**Try it:** Begin at the line below that has "表3. 辉瑞和赛诺菲在mRNA技术方面的部分合作". Stop after the line that has "Blå jeans i", repeating each line exactly and leaving out the pictures.

**Data extracted from a collection:**
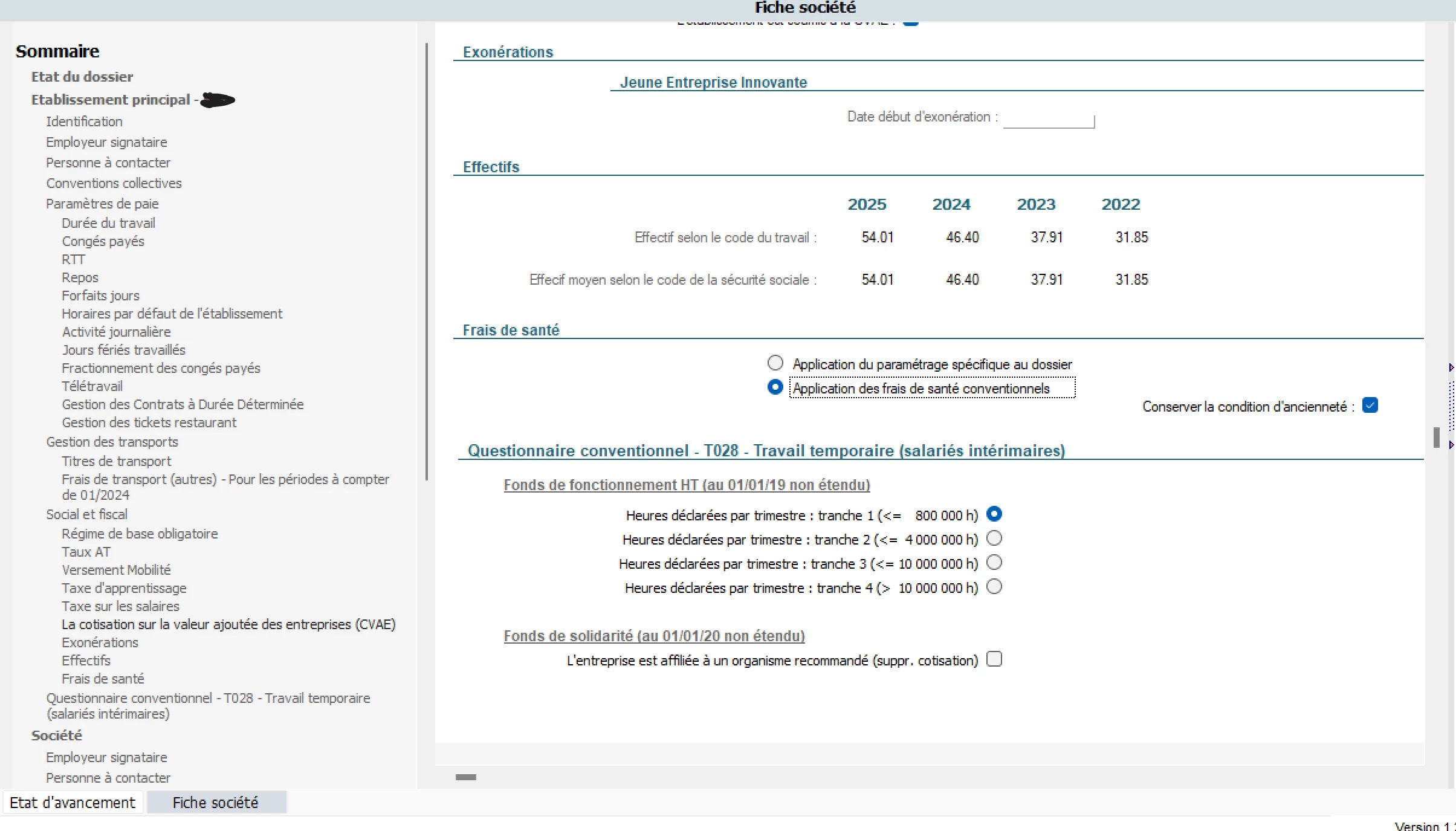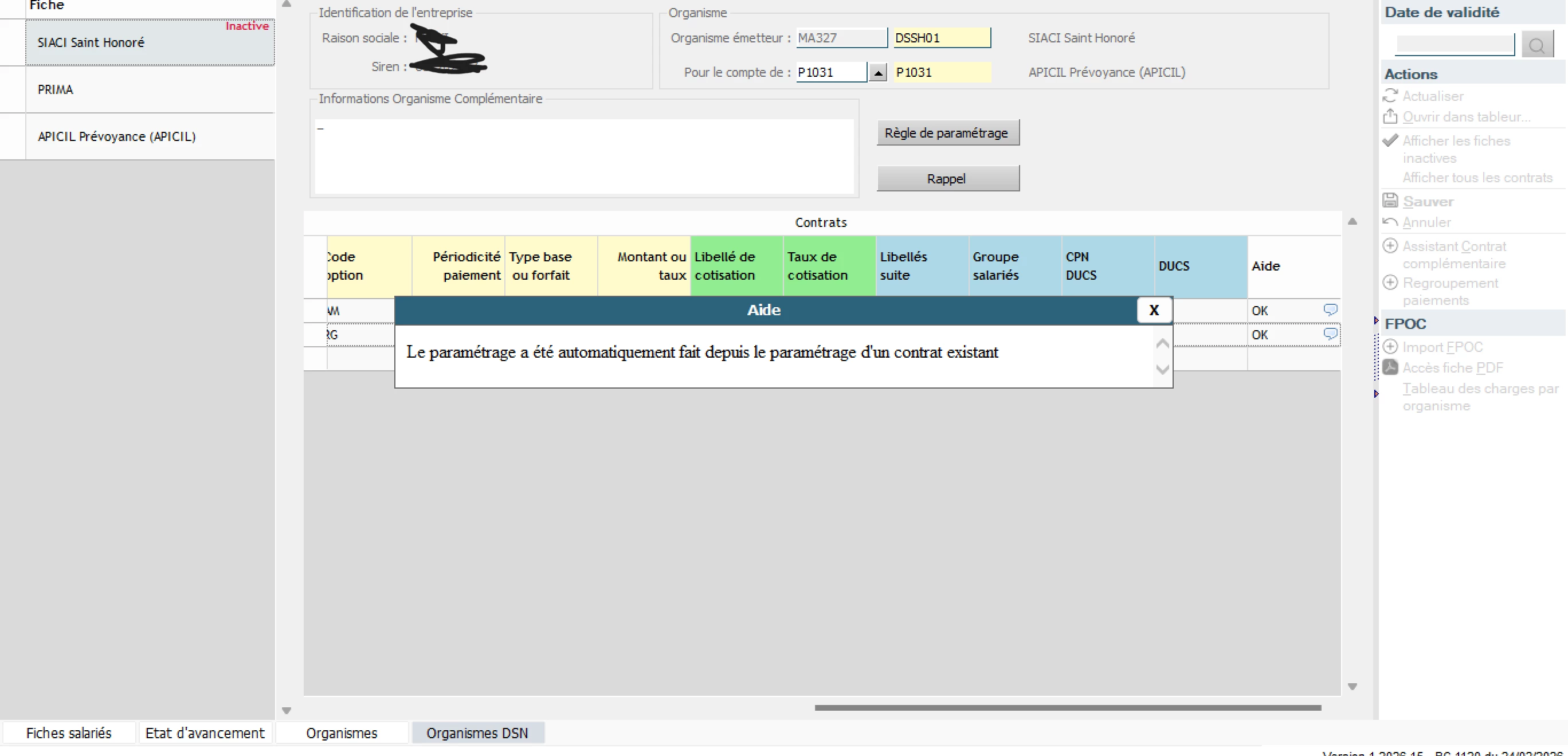 La mutuelle se déclenche sous condition d’ancienneté de 414h de l’intérimaire dans la société ou dans une autre société d’intérim. C’est un régime conventionnel. Dans l’onglet société j’ai bien mis régime conventionnel. L’organisme est paramétré. J’ai mis la fiche de paramétrage qui était ok mais qui est passée “inactive” avec le message sur l’impression écran.
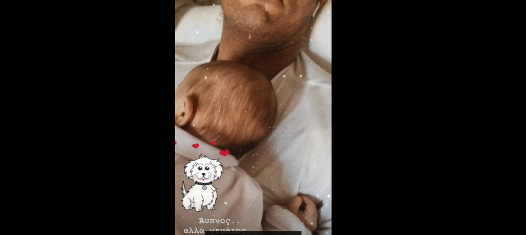 Ο ευτυχισμένος πατέρας πόζαρε με τη μπέμπα στο στήθος του και έγραψε χαρακτηριστικά: “Άυπνος… αλλά γεμάτος!”.
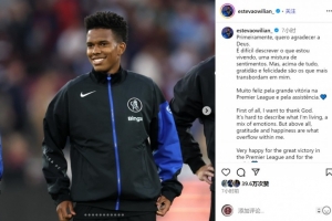 埃斯特旺此役为切尔西首发出战,送出助攻,并当选本场比赛最佳球员。赛后他在社交媒体上写道:“首先,我想感谢上帝。 很难描述我现在的感受,各种情绪交织在一起。但最重要的是,我内心充满了感恩和快乐。
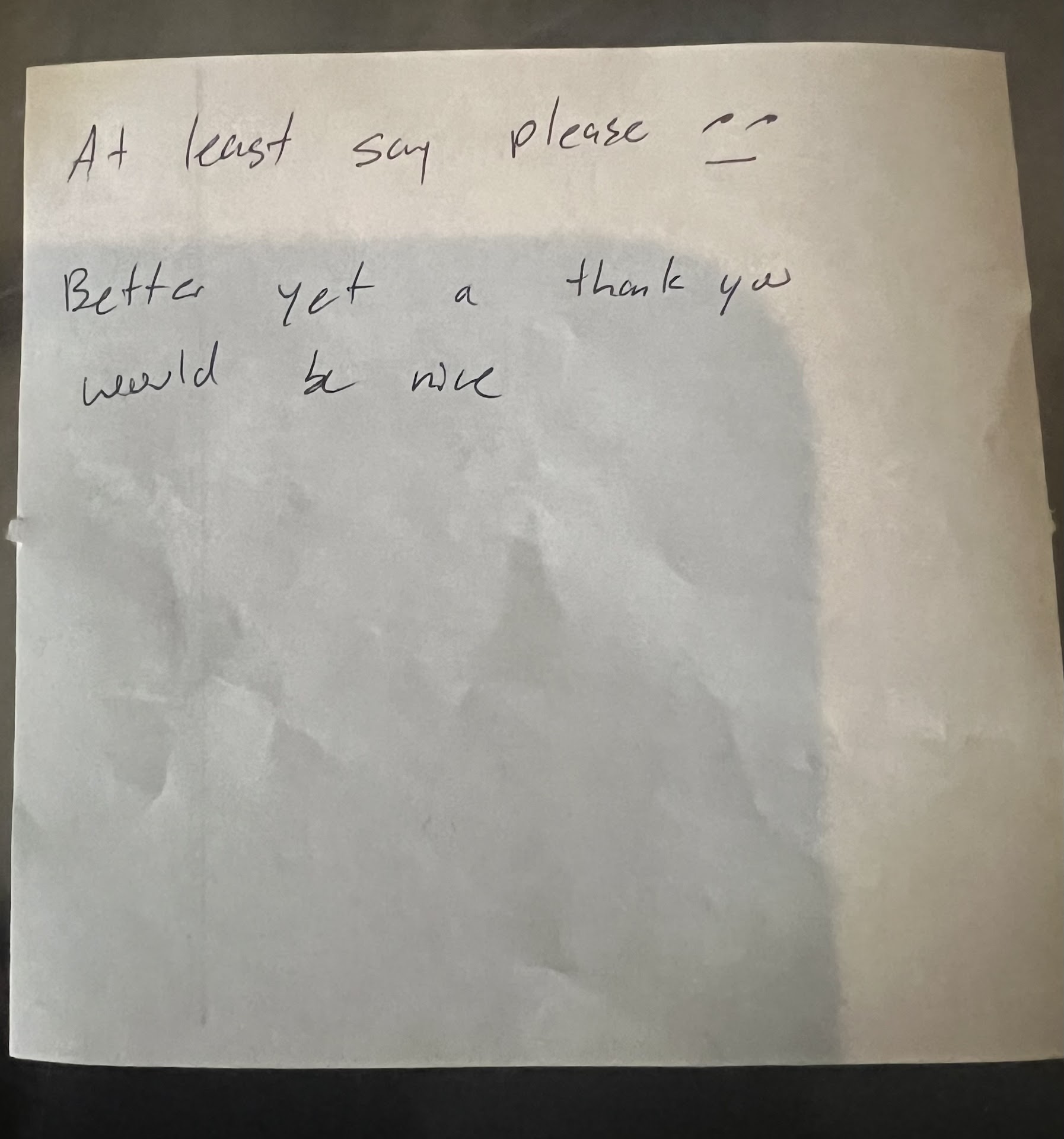Read moreNothing wrong with the drinks, wish I could say the same about the staff. Placed an UberEats order and put in description “more tea less milk” and I guess me trying to be efficient was so offensive that the employee felt the need to write me a note (photo attached). Not sure if they were trying to be funny or clever, bc it was neither, but they should’ve just kept their thoughts to themselves. It’s just a modification description.
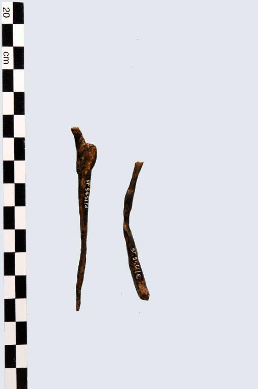 Si tratta di due verghette di ferro pertinenti a fibule; "il manufatto d" è pertinente ad una staffa di fibula MLT (?); "il manufatto e" è probabilmente pertinente ad un ardiglione di fibula di tipologia non definibile.
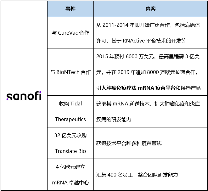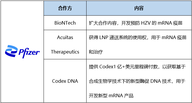表3. 辉瑞和赛诺菲在mRNA技术方面的部分合作
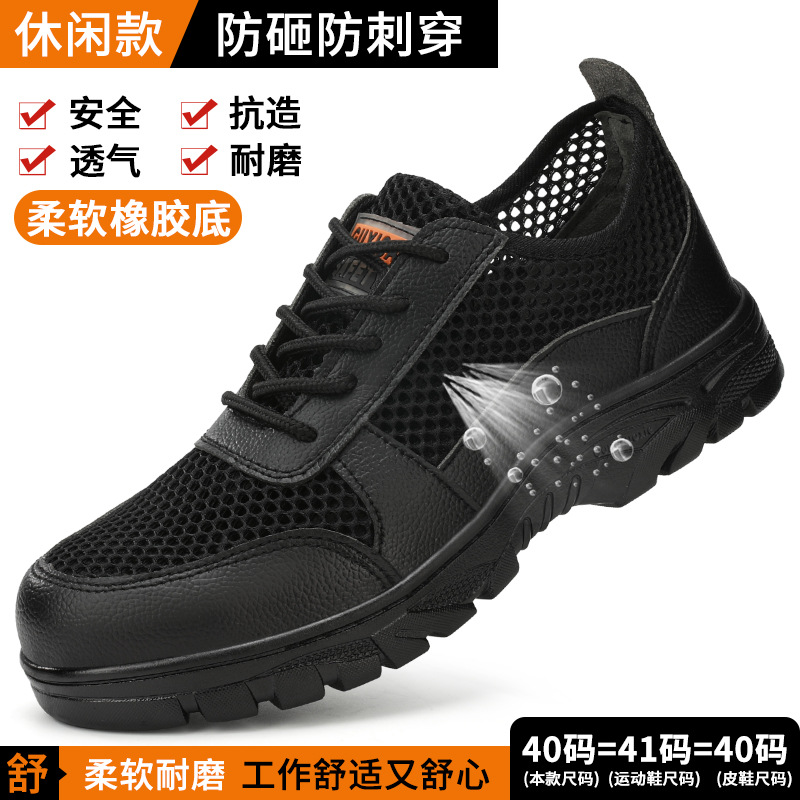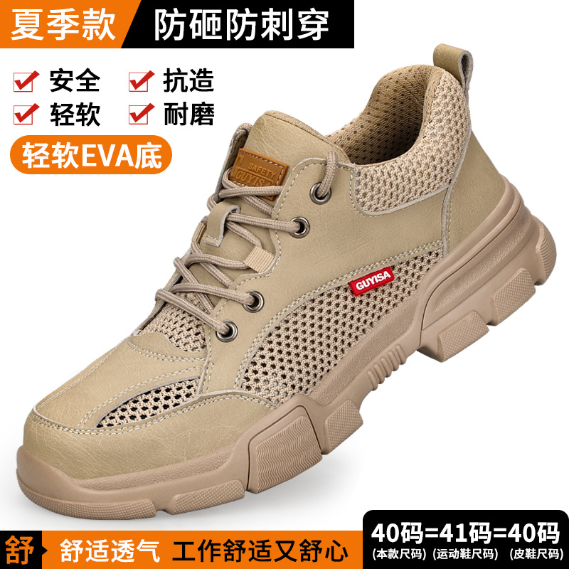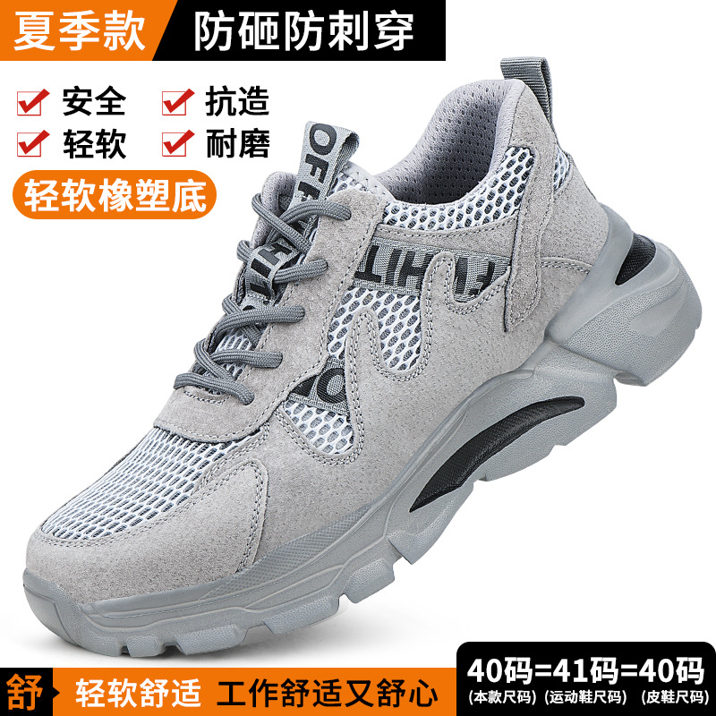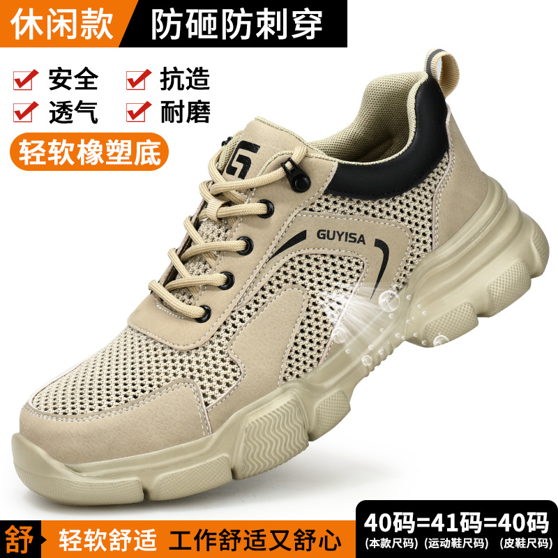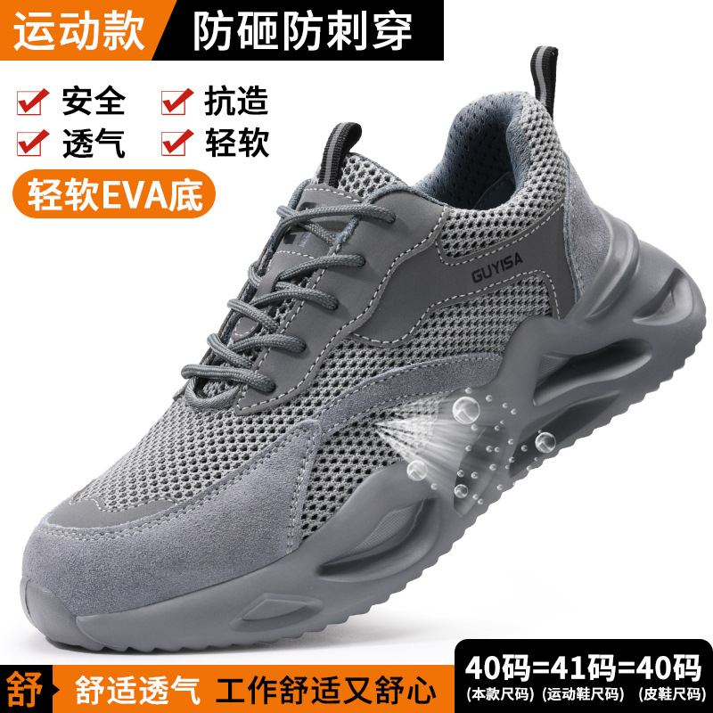 노동 보호 신발, 충격 방지 및 펑크 방지, 남성용 통기성 강철 발가락 신발, 부드러운 밑창, 경량, 장기간 서 있어도 피곤하지 않음, 사계절 모두 사용 가능한 플라이 니트 안전화스토어 가기
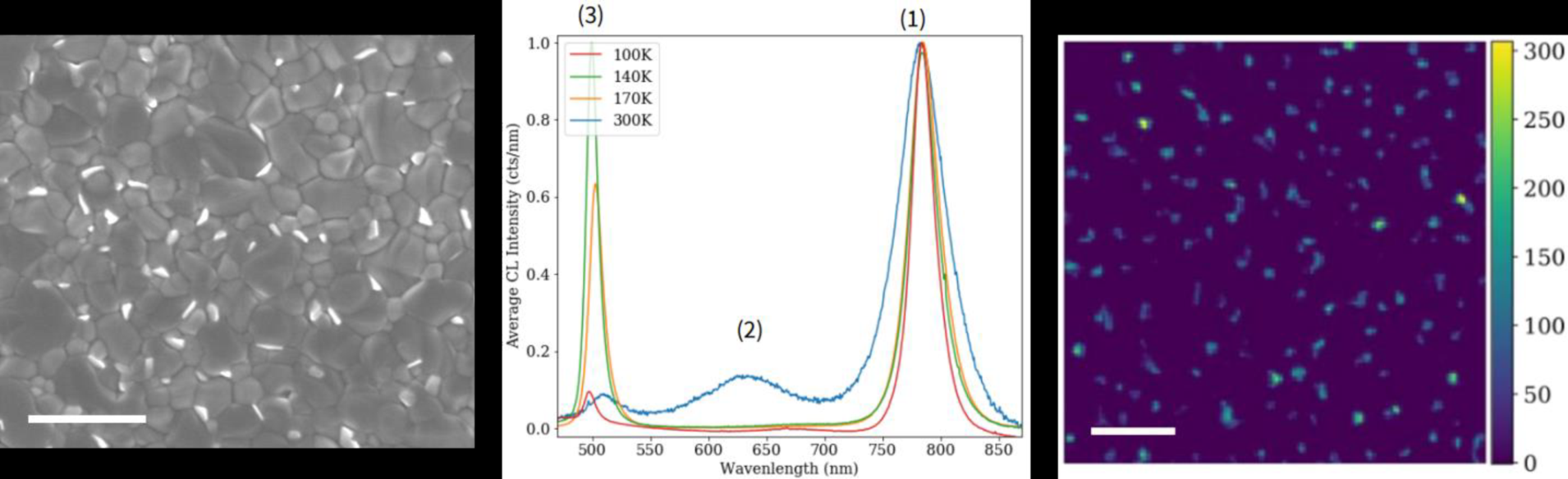 在不同溫度下在鈣鈦礦膜上記錄的陰極發(fā)光光譜。來(lái)自(1)鈣鈦礦、(2)束誘導(dǎo)分解產(chǎn)物和(3)PbI2(中間)的發(fā)光;
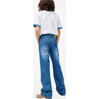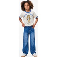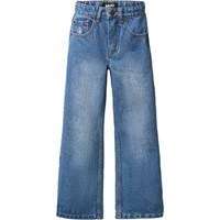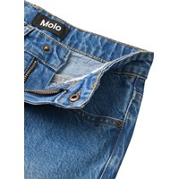 Blå jeans i bomuldsdenim. Jeansene har 5 lommer, lige ben, lynlåsgylp og normal pasform med justerbar elastik i taljen. Mindste størrelser (92–134) har trykknap, mens str. 140–176 har klassisk jeansknap.
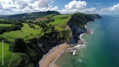 Picturesque Coastline Aerial View of Lush Green Cliffs Meeting the Turquoise Ocean Under Bright Cloudy Sky in Sunlight
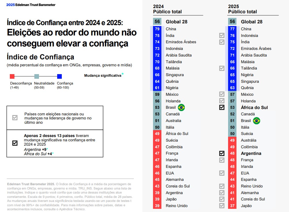Uma pesquisa da Edelman Trust Barometer mostra que, em 2025, a confiança da população brasileira em instituições como empresas, governos, mídia e ONGs caiu para 51%, em comparação com 53% em 2024. O Brasil, que ocupava a 14ª posição, em um ranking de 28 países, agora está em 15º lugar.

**Written solution:**
表3. 辉瑞和赛诺菲在mRNA技术方面的部分合作
 노동 보호 신발, 충격 방지 및 펑크 방지, 남성용 통기성 강철 발가락 신발, 부드러운 밑창, 경량, 장기간 서 있어도 피곤하지 않음, 사계절 모두 사용 가능한 플라이 니트 안전화스토어 가기
 在不同溫度下在鈣鈦礦膜上記錄的陰極發(fā)光光譜。來(lái)自(1)鈣鈦礦、(2)束誘導(dǎo)分解產(chǎn)物和(3)PbI2(中間)的發(fā)光;
 Blå jeans i bomuldsdenim. Jeansene har 5 lommer, lige ben, lynlåsgylp og normal pasform med justerbar elastik i taljen. Mindste størrelser (92–134) har trykknap, mens str. 140–176 har klassisk jeansknap.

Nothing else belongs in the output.